Of course women are continually encouraged to tend to our looks in a no-win situation. If we're beautiful as Helen we can cause ten years of slaughter and warring (or, perhaps more true to our lives, expected to stay beautiful, or not threaten). If we're not beautiful we can be dismissed as horrors--a lesbian. God bless dykes, I say. We all need to access our inner big-breasted, no bra, T-shirt wearing mamas.

IN NO WAY am I saying that dykedom is a disability. But it is a "different" way of being. And look at public intellectual Susan Sontag, a lesbian who stayed in the closet. I'm using it as an analogy. Here's another analogy.

I, Sarah Sarai, bi-sexual, have a belly. Thus I'm "different."

Once I took a "craft" class, ho hum. Grad. school, ho hum. At one point the female poet professor mentioned dried apricots as a sense memory, then recoiled when she remembered how fattening they were, then quickly gave me a guilty look. Hello? This poet trades on a perception of good looks, when her already good poetry would be stronger if she would let herself be who she is.

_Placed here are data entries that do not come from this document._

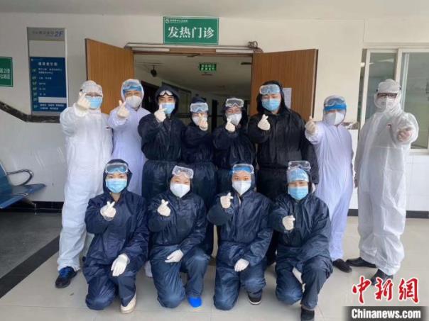 圖為王川(后排右一)與發熱門診醫護人員合影。重慶市僑聯供圖
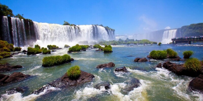 世界上最宽,风景最美的伊瓜苏大瀑布(Cataratas del guazu)。Cataratas ,西班牙语即瀑布,念起来口水花四溅。它也是世界三个最大瀑布之一。 伊瓜苏位于阿根廷和巴西两国交界处。要看清楚整个齐全的伊瓜苏,当然就得在阿根廷与巴西两国边境之间穿梭。难得是这两个国家都深谙旅游外汇之意义,瀑布两端设在效率极高的海关,那双盖印的手盖得比什么都快,肥水灌溉两家田。
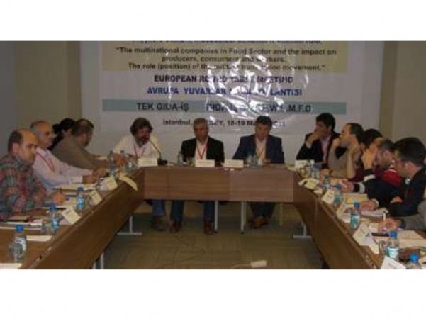 “Gıda Sektöründeki çok uluslu şirketlerin üreticilere, tüketicilere ve işçilere etkileri; mücadeleci sendikal hareketin rolü” başlıklı yuvarlak masa toplantısında uluslararası sendikal hareketin geleceği, gıda sektöründeki çok uluslu şirketlerin işçi sınıfına etkileri, tarımsal politikaların çiftçilere ve tüketicilere yansımaları üzerinden tartışıldı.
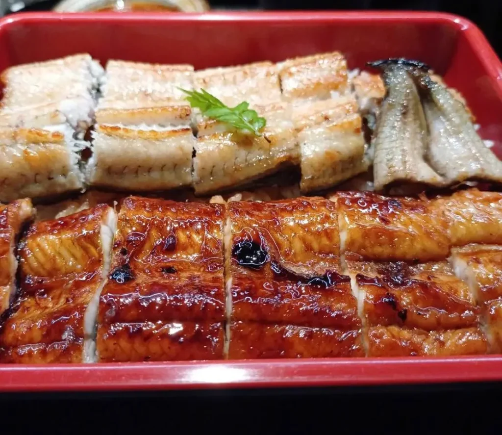 鰻魚三吃,首先將鰻魚飯分成三份,一吃:吃鰻魚的原味,撒上山椒粉後品嚐;二吃:將鰻魚飯盛進小碗中,根據喜好加入蔥花、小海苔片、山葵泥和白芝麻,拌一拌一起吃;三吃:鰻魚飯加入調味料後,再沖下 Chef 特製的魚高湯,製成茶泡飯,三種吃法都令人驚豔!
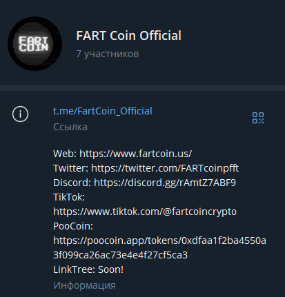 В Telegram полноценного сообщества у монеты ФартКоин нет, но есть чат, где всего 7 участников – а это уже характеризует актив как абсолютно бесперспективный. Здесь тоже есть ссылка на все соцсети и другие площадки с информацией о коине, но ничего из этого не работает.
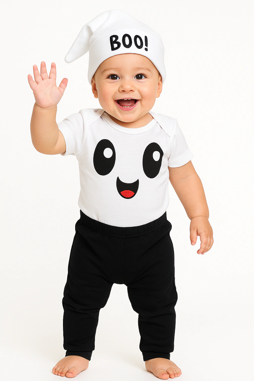 Body Manga Corta HALLOWEEN + Pantalón Interlock Color Negro + Gorrito haciendo juego.
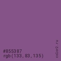 Цвет #855387 в цветовой модели RGB обозначается тремя октетами (133, 83, 135) в десятичном формате и #855387 в шестнадцатиричном (hex) формате, которые являются интенсивностью красного 133 (hex 85), интенсивность зелёного 83 (hex 53) и интенсивность синего 135 (hex 87).
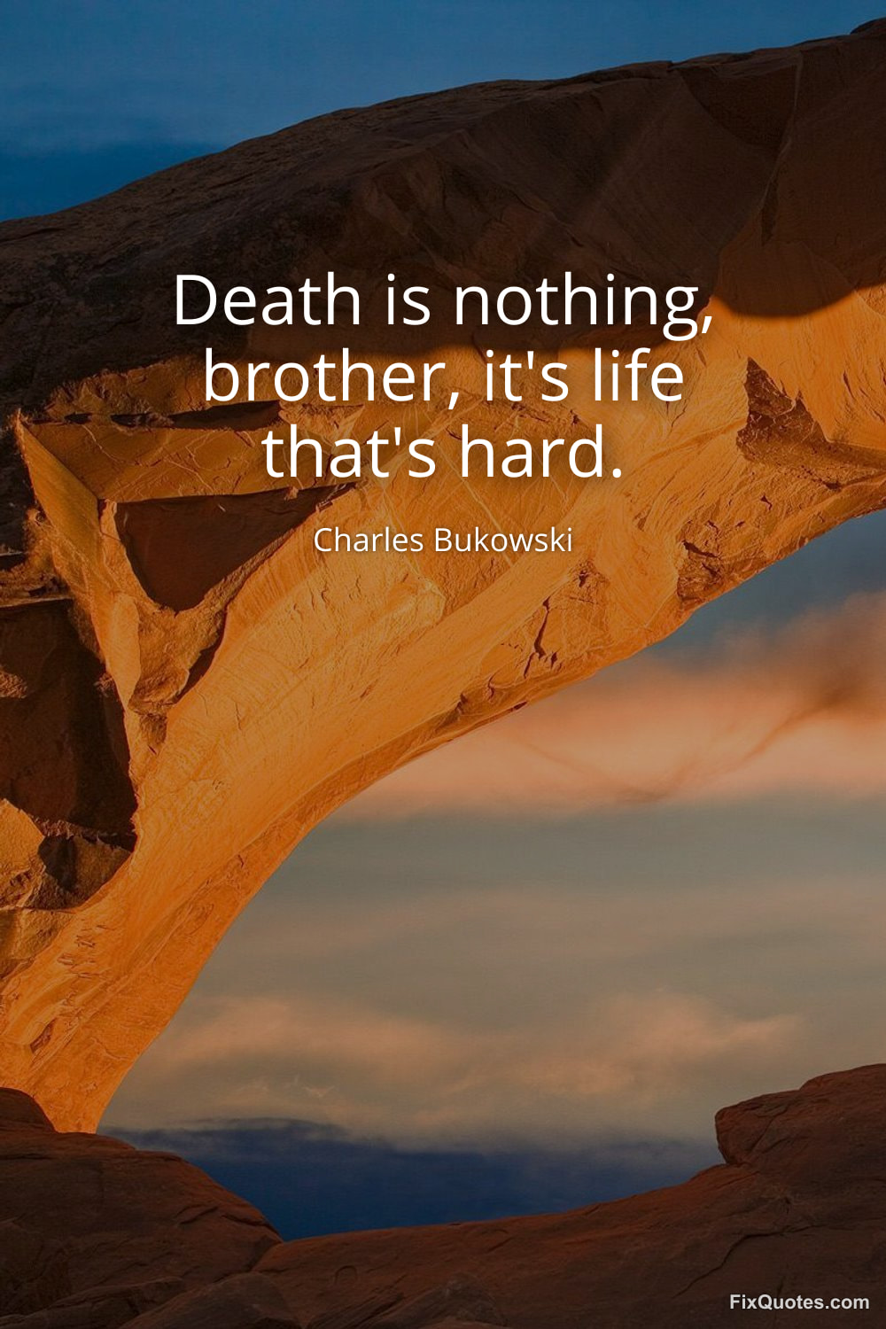 Bukowski, Charles. (2026, February 10). Death is nothing, brother, it's life that's hard. FixQuotes. https://fixquotes.com/quotes/death-is-nothing-brother-its-life-thats-hard-185153/
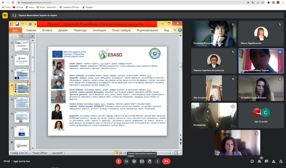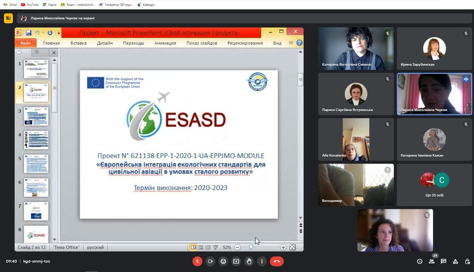 23-30 травня 2023 року в межах виконання проекту Модуль Жана Моне «Європейська інтеграція екологічних стандартів для цивільної авіації в контексті сталого розвитку» N°621138-EPP-1-2020-1-UA-EPPJMO-MODULE (2020-2023) за підтримки Програми Єразмус + Європейського Союзу відбувся тренінг “Аналіз здобутків та прогалин законодавства України в частині євроінтеграції екологічних стандартів для цивільної авіації“. Участь у тренінгу взяли представники Національного авіаційного університету та інших ЗВО, Державної авіаційної служби, аеропортів, авіакомпаній, галузевих експертів та інші зацікавлені сторони у секторі Цивільної авіації та сталого розвитку.
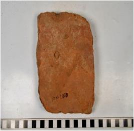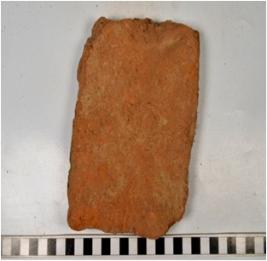 | Description / विवरण | A fragment of a terracotta tile of coarse fabric and rough surface. |
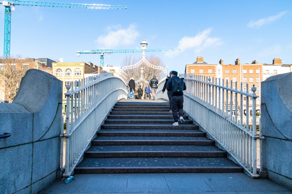 Usciti dalla Collins Barraks, riprendiamo il Tram diretti alla fermata Busaras, da dove raggiungeremo la sponda del fiume passeggiando attraverso il Famine Memorial con delle statue interessanti, raggiungendo l’Arco ed osservando il vecchio Ponte Levatoio, per poi attraversare il vicino O’Casey bridge, ponte pedonale, da dove osserviamo la vista nella direzione del Porto e del Beckett Bridge, per rientrare quindi verso l’albergo fotografando ancora qualche statua particolare ed angoli interessanti. Si avvicinano le 15, ora in cui Mattia passerà a prenderci per raggiungere casa sua, dove ceneremo trascorrendo la serata anche con Stephen ed altri suoi amici irlandesi, coccolati dai due gatti.
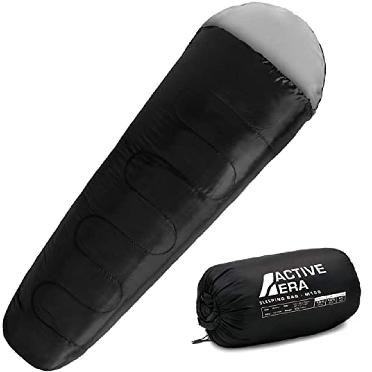 Active Era 150 Premium MumienschlafsackDer Active Era Premium MumienschlafsackMit strapazierfähigem 170T Polyester und praktischer TragetascheDieser ultraleichte Schlafsack ist für jegliche Anlässe universell einsetzbar - ideal zum Campen, Übernachtungsparty oder für Gäste. Der Mumienschlafsack besteht aus langlebigen 170T Polyester (Außenmaterial) und einem 150 g/m² Innenfutter. Empfohlene Temperaturbereiche: Komfort 18°C bis 15°C | Extrem bis 5°C.Der Schlafsack eignet sich somit ideal für Indoor sowie Outdoor Aktivitäten, wie zum Beispiel: Übernachtungspartys, Camping Ausflüge, Angel Trips oder Klassenfahrten.· Leichtes Gewicht: 800 g
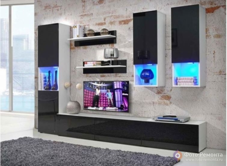 Современная стенка для гостиной Clip– яркое решение Вашего дома. Модель выполнена в ярких тонах из ламинированного ДСП: белый мат и черный глянец. В отделке витрин дизайнеры использовали прозрачное стекло толщиной 8мм , что предает мебели особую «легкость» и элегантность. Гарнитур включает в себя: три тумбы, высокий шкаф, подвесную витрину, две полки, подсветка (5 LED).
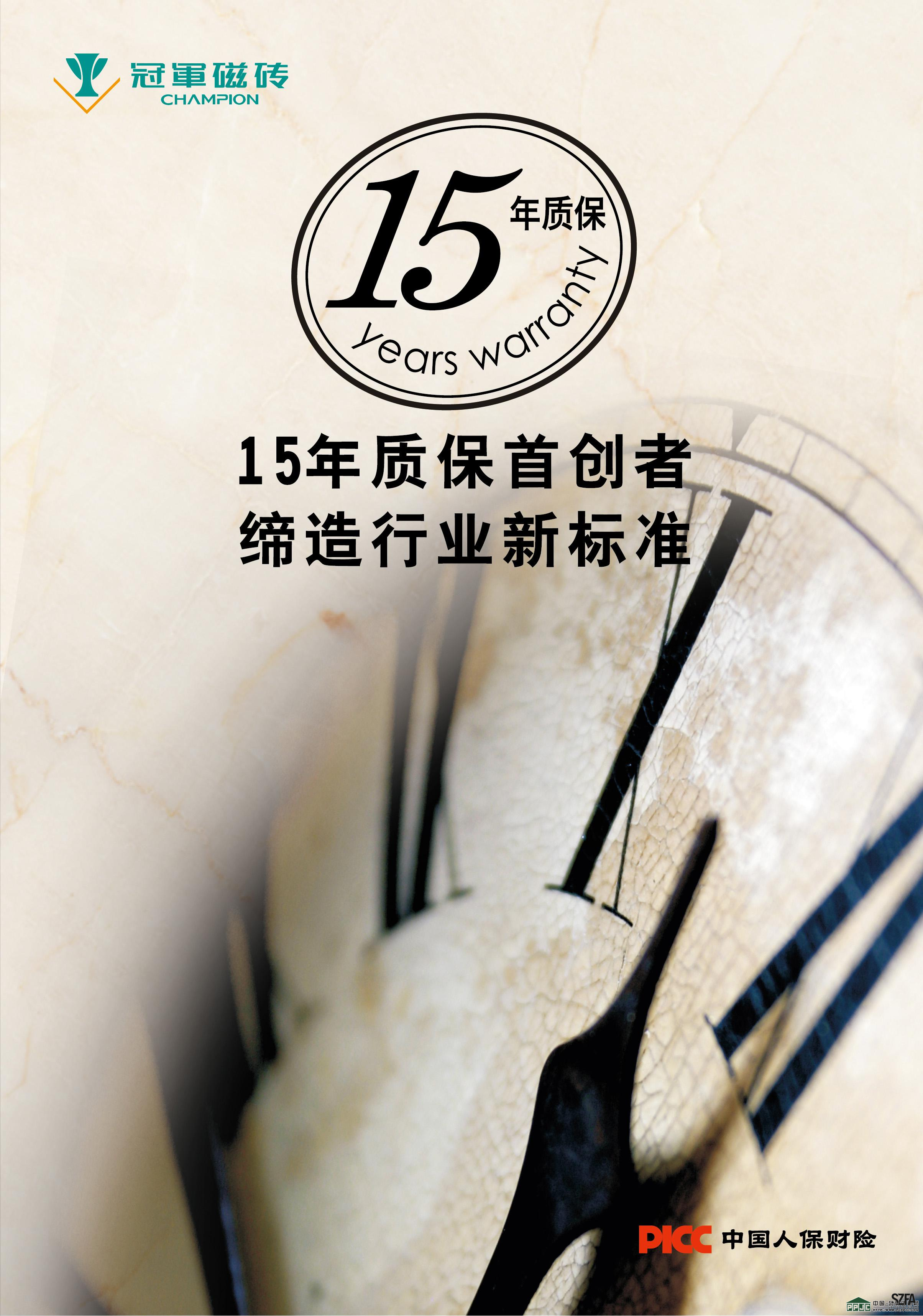 此外,冠軍更率先鄭重承諾:凡購買指定產(chǎn)品于指定場所鋪貼的瓷磚,均享瓷磚15年質(zhì)保服務(wù),從消費者角度設(shè)身處地著想,維護安心使用的權(quán)利。承諾15年瓷磚無變形、無龜裂、無褪色,如在質(zhì)保期限內(nèi)出現(xiàn)問題,冠軍將做出相應(yīng)的補償。
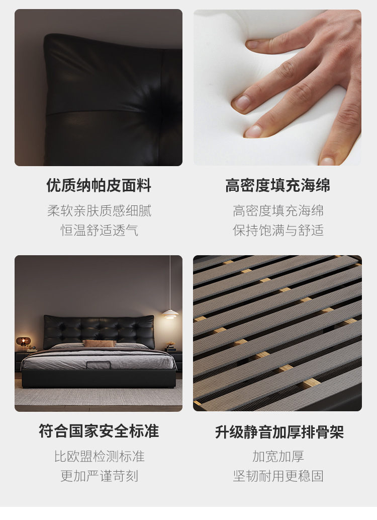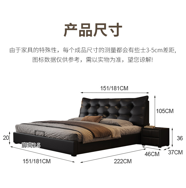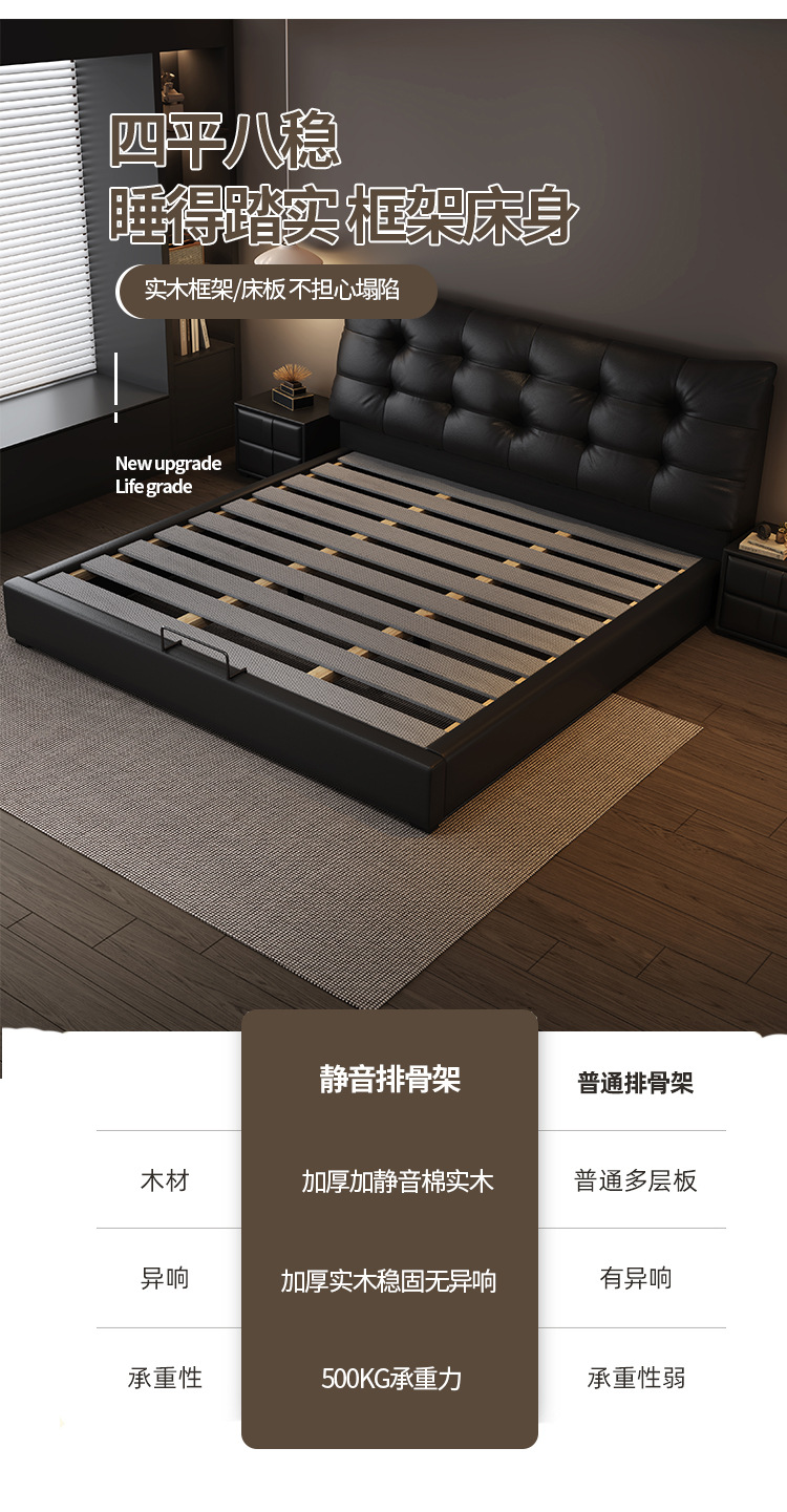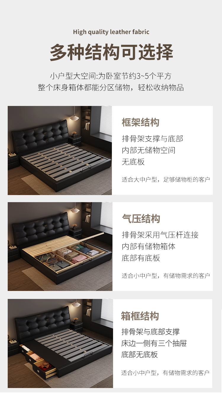 현대 조명 럭셔리 더블 침대 1.8m 나파 가죽 침대 1.5m 작은 아파트 마스터 침실 이탈리아 미니멀리스트 스토리지 소프트 베드
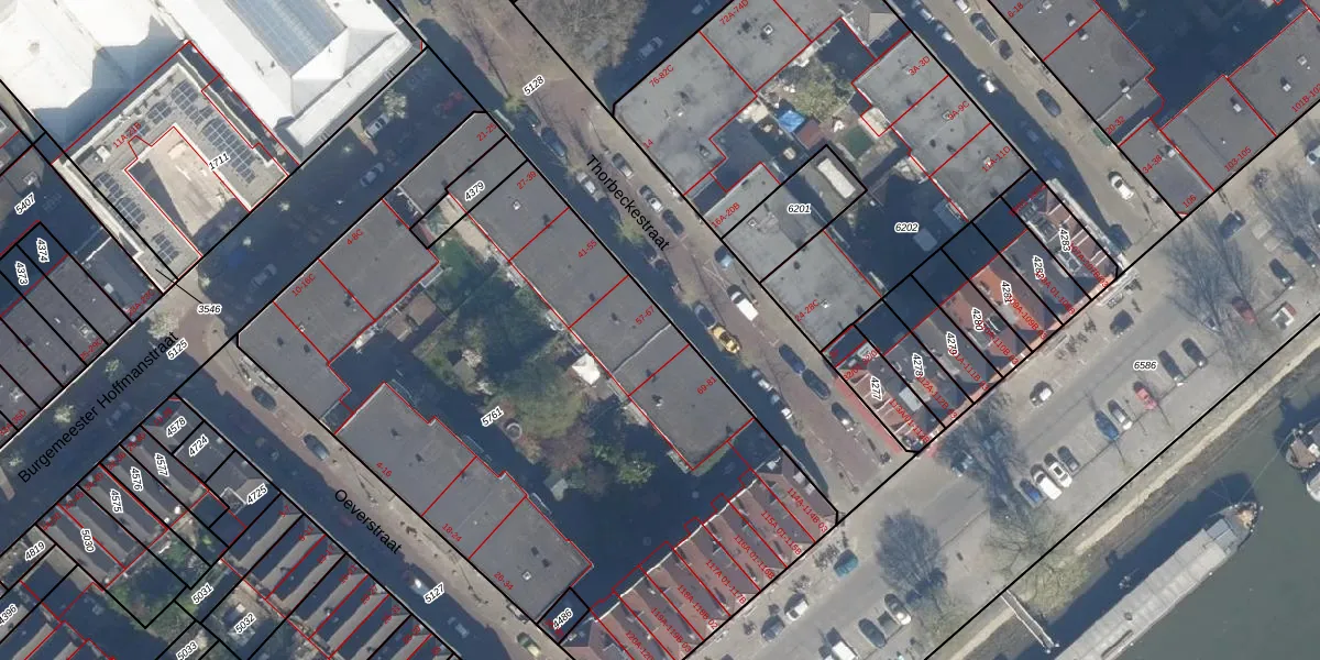 Thorbeckestraat 63 is gelegen op kadastraal perceel RTD05Q5761. Deze kadastrale aanduiding is uniek en wordt gebruikt door het Kadaster om eigendomsrechten en andere zakelijke rechten vast te leggen. Het perceel maakt onderdeel uit van de kadastrale gemeente Rotterdam.
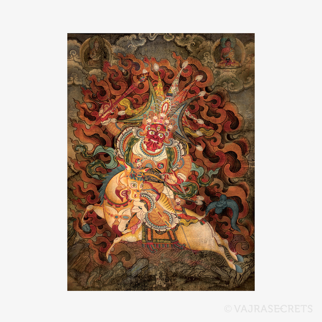 A high-quality, vintage-style thangka print of Dharma Protector Setrap, the wrathful emanation of Buddha Amitabha, who is extremely efficacious for clearing obstacles towards our spiritual practice. He grants protection from black magic. Having an image of him close to us or in our homes bestows immense blessings and protection on our surroundings and ourselves.
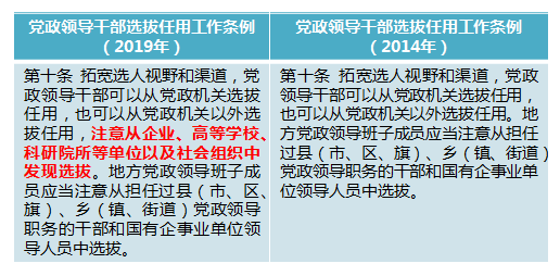 此外,坚持五湖四海、任人唯贤,是中国共产党历来坚持的选人用人理念。第二章第十条在“拓宽选人视野和渠道”方面条例鲜明提出“注意从企业、高等学校、科研院所等单位以及社会组织中发现选拔”党政领导干部,充分体现了党择天下英才而用之的胸怀,努力把方方面面的优秀人才集聚到党和人民的事业中来。

Mine is a quick response not an essay so I'm going to jump, now, with dispatch, to Helen Keller. What she did to HELP the disabled was astonishing and I don't see her being celebrated. Similar to what happened with Emily Dickinson via The Belle of Amherst, where a dated and too precious play served to define Emily in everyone's imagination for generations, Helen Keller become the miracle of the Miracle Worker, rather than a woman, blind, who set up institutions and lobbied and did more to demystify disability than anyone I can think of.

This is one perspective and I'm grateful if you point out my own generalizations.